My preference is to base the outcome on who wins the seat.
Define: "who wins the seat"
My definition of winning a seat would be that a candidate has the support of at least 50% of voters who cast a vote in that seat. (Note: I have a problem with the high % of voters who do not vote in this country, but that's a different argument). PR is one alternative that does a better job of reflecting the wishes of the electorate. Another is Preferential voting if PR isn't an option. Australia uses the latter, and it works better than FPTP does (still not as good as PR would be, but better than FPTP).
FPTP in far too many cases does not provide clear and indisputable evidence of this in far too many cases. At the 2019 GE, 421 seats were won with >50% of the vote, while 229 were won with less than that. Of those, 21 were "won" with less than 40% of the vote. Now, admittedly, most of those 21 were won by a non-Tory.

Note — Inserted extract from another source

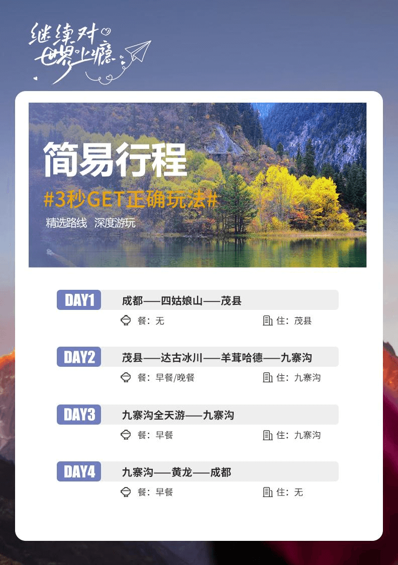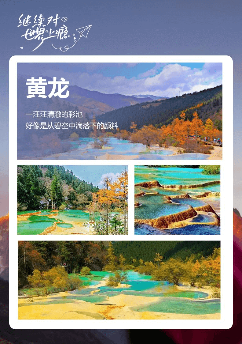 6:環(huán)線景點(diǎn):九寨溝、黃龍、達(dá)古冰川、四姑娘山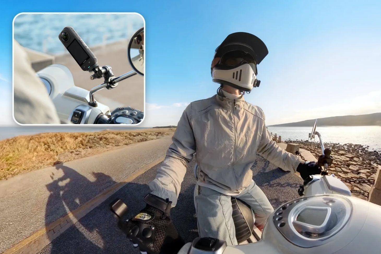 The Insta360 Rear View Mirror Mount is a lightweight, road-ready solution for expanding your shooting possibilities. Built from durable stainless steel and reinforced plastic, it holds firm through daily rides and long tours alike.

85 of the seats won with <50% of the vote were won by a Tory. Of those, I've identified 40 where it is likely the result would have been different with an Australia-style preferential voting system. Not all to Labour, some would have gone SNP, Lib Dem, or Plaid. That would have seen them fall 1 seat short of a majority and either forming a minority government propped up by a minor party, or a formal coalition led by the Tory party. But it certainly would not have put is in a situation where the excesses of the Tory party couldn't be challenged.
Given the overall national vote share, that would have felt like a "fair" result to me. Far more people voted *against* the Tory party than for them, however the Tories did have the largest vote share.
"First Past the Post" is such a bad name for the system used today. In far too many cases, *no one* actually gets past the post IMO. It would be better called "Nearest to the Post".